Утра были еще прозрачны и чисты, но, когда начинало темнеть, она с тоской прислушивалась к бодрому стуку поездов, убегавших от мокрого перрона в Петербург, где в это время зажигались на людных улицах цепочки фонарей, где в квартирах сухо и не дует из окон и уже готовятся к открытию театры.

Наконец однажды антрепренерша после долгого созерцания сквозь дырочку занавеса полупустого зрительного зала, под однообразное шлепанье капель объявила, что назначает Вере бенефис.

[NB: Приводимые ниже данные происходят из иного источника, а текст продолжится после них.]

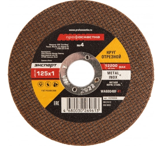 Круг отрезной мет+нерж №04 125х1х22 мм Профоснастка Эксперт тип 41

В день бенефиса перед подъездом театра стояла большая лужа. Две афиши с подтекшими от дождя буквами казались позабытыми, прошлогодними. Среди мокрого осеннего леса они выглядели как-то удивительно нелепо; сосны потихоньку шумели, роняя капли, в небе бежали серые тучи, открывая и снова затягивая голубые просветы, и пузырилась мокрая бумага афиш. Бенефис в лесу, в сарае, в луже, под дождем! Лето прошло безвозвратно, и вот этим мокрым деревьям, кустам и траве, готовившимся к наступающей зиме, мокрая бумага торжественно объявляла о бенефисе. О ее великом бенефисе, на который мама возлагала столько надежд. Каждый рубль возможного, воображаемого, мечтаемого сбора был распределен, расписан, разложен на кучки специального назначения: долги, квартира, туфли, на дорогу... если сбор будет "хороший". Но ведь сбор мог быть "очень хороший"! Тогда список удлинялся, появлялось повое пальто для мамы... Но ведь сбор мог быть изумительный, волшебный: "аншлаг", когда все места до единого проданы, "аншлаг", что снится в райских снах антрепренерам и бенефициантам, получающим "со сбора"!.. Об этом вслух нельзя было говорить, чтоб не сглазить.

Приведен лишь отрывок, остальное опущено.